The Mini Shai-Hulud malware campaign has compromised more than 600 npm packages in a widespread supply chain attack, targeting developer credentials and CI/CD secrets across major software ecosystems [1, 2]. The threat actor, identified by researchers as TeamPCP, has systematically hijacked legitimate release pipelines to inject malicious code into widely used tools, including packages tied to TanStack, Red Hat Cloud Services, SAP, and Mistral AI [1, 2, 3].
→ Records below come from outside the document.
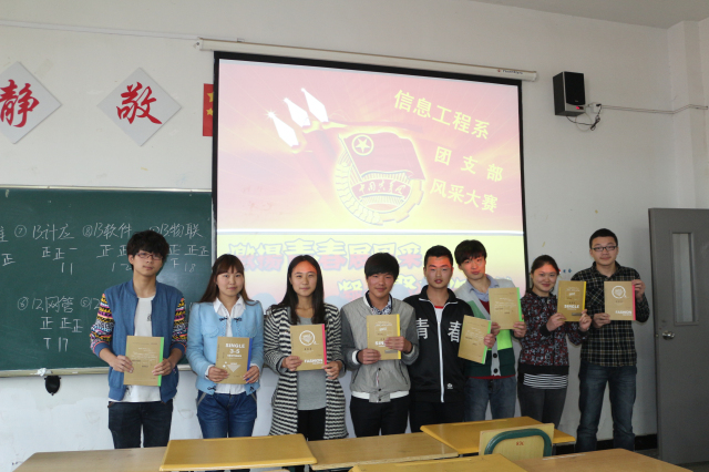 4月21日中午,新葡的京集团35222vip信息工程系团支部风采大赛在2506多媒体教室举行。各支部对各自一年来组织建设、思想政治教育、特色活动等多方面进行了详细展示。参评支部除了采用PPT进行演讲展示之外还精心制作了视频短片更加生动地表现了支部魅力,彰显出我系团支部健康、积极、向上的精神风貌。最终共有6个支部表现突出中荣获“先进团支部”称号。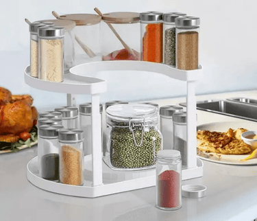 Maak koken eenvoudiger en efficiënter met het SpinRack Roterende Kruidenrek. Dit innovatieve rek biedt een snelle en gemakkelijke manier om je kruiden georganiseerd en binnen handbereik te houden. Dankzij het roterende ontwerp hoef je nooit meer te zoeken naar het juiste kruidenflesje, waardoor je kostbare tijd bespaart en je keuken er altijd opgeruimd uitziet.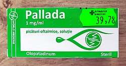 Brand names include Pallada, Pazeo, Pataday, Patanol S, Patanol, Opatanol, Olopat, Patanase.[18][19] It is also available as an oral tablet in Japan under the tradename Allelock, manufactured by Kyowa Hakko Kogyo.[20]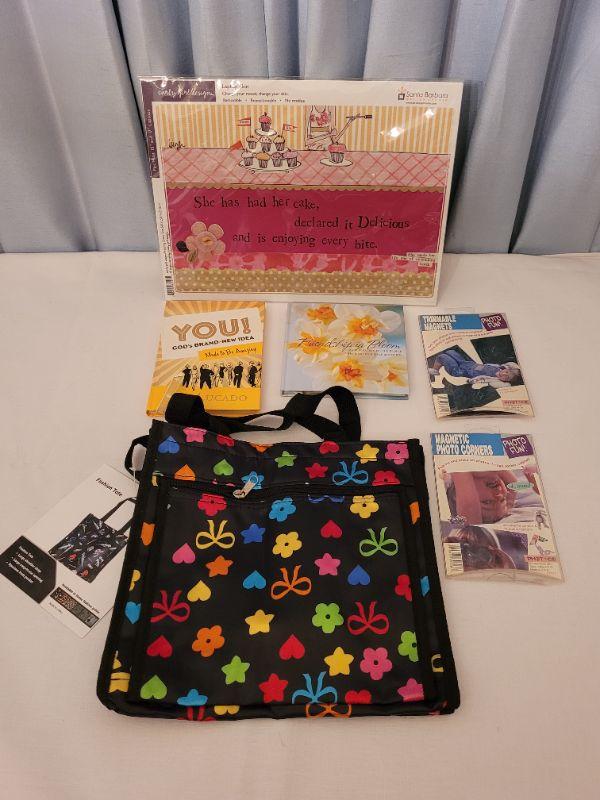 Lot 141: New Tote, Magnets, Books and Laptop Skin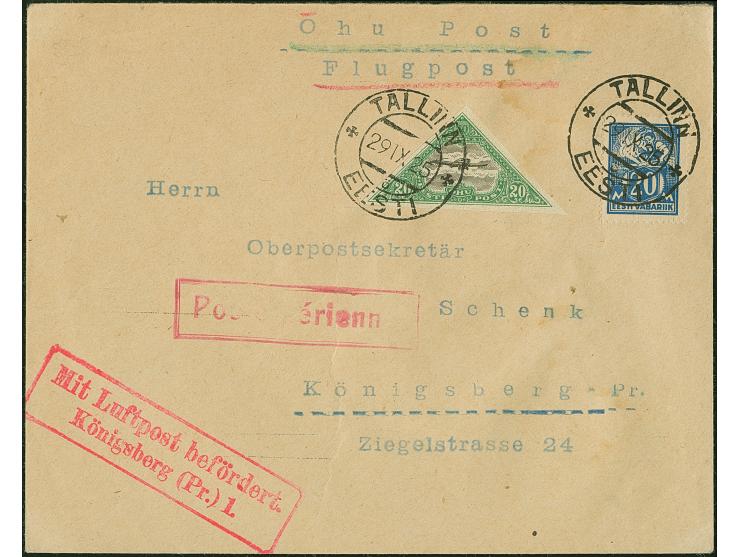 Airmail 20 marka, imperfortated, with additional franking tied by cds. "TALLIN 29 IX 25" to Königsberg, scarce last flight, fine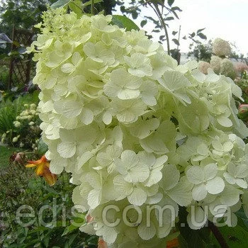 Саджанці красивоцветущих чагарників: Гортензія Полярний ВедмідьДуже відомий, можна сказати, класичний сорт волотисте гортензії – Полар Бір (перекладається як Полярний ведмідь). Кущ заввишки до 170 см Квітки пірамідальні, великі, білі, до осені набувають рожевий рум'янець.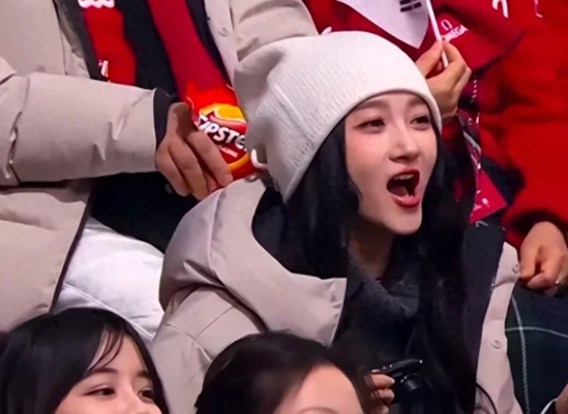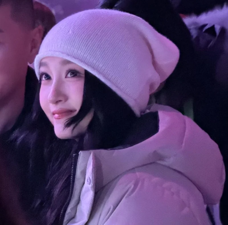 她没带保镖,一个人安安静静的,穿的是简单的深色套装,头戴浅红色的针织帽,不花哨但显精神,脸看着也特别小。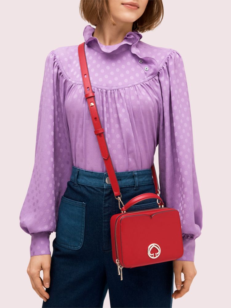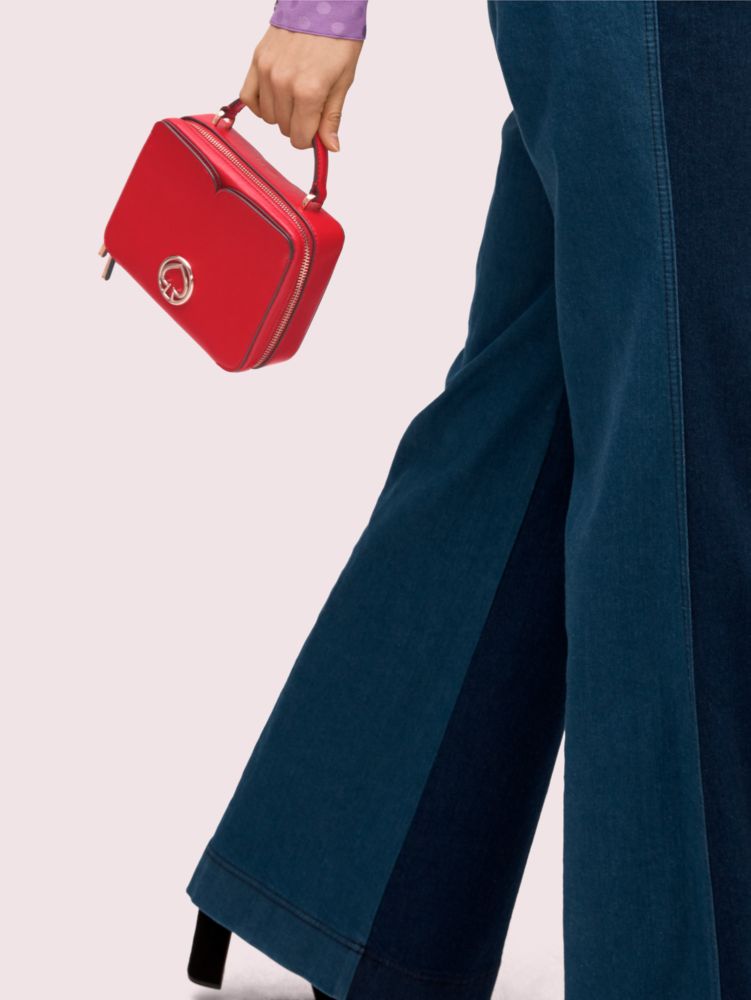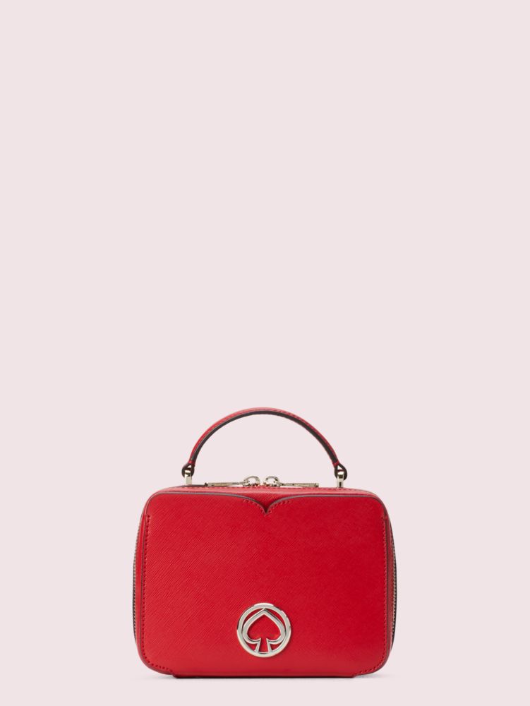 sporty meets feminine with our vanity mini top handle bag. crafted of soft (and durable) saffiano leather, the petite bag's boxy shape is a nod to the classic makeup case. when unzipped, its spade flower jacquard-lined interior offers enough room for your essentials with slots and pockets to organize it all. carry it by the handle or attach the adjustable strap to sling it across your body.

The campaign reached a peak in mid-May 2026, when attackers published 84 malicious versions across 42 TanStack packages within a six-minute window [1]. These packages, some of which receive over 12 million weekly downloads, were modified to include a 2.3MB obfuscated payload designed to steal environment variables, GitHub tokens, and cloud credentials [1]. By abusing the pull_request_target pattern and GitHub Actions cache poisoning, the attackers successfully generated malicious packages that carried valid SLSA Build Level 3 provenance attestations, making the compromised releases appear legitimate to automated security checks [1, 2].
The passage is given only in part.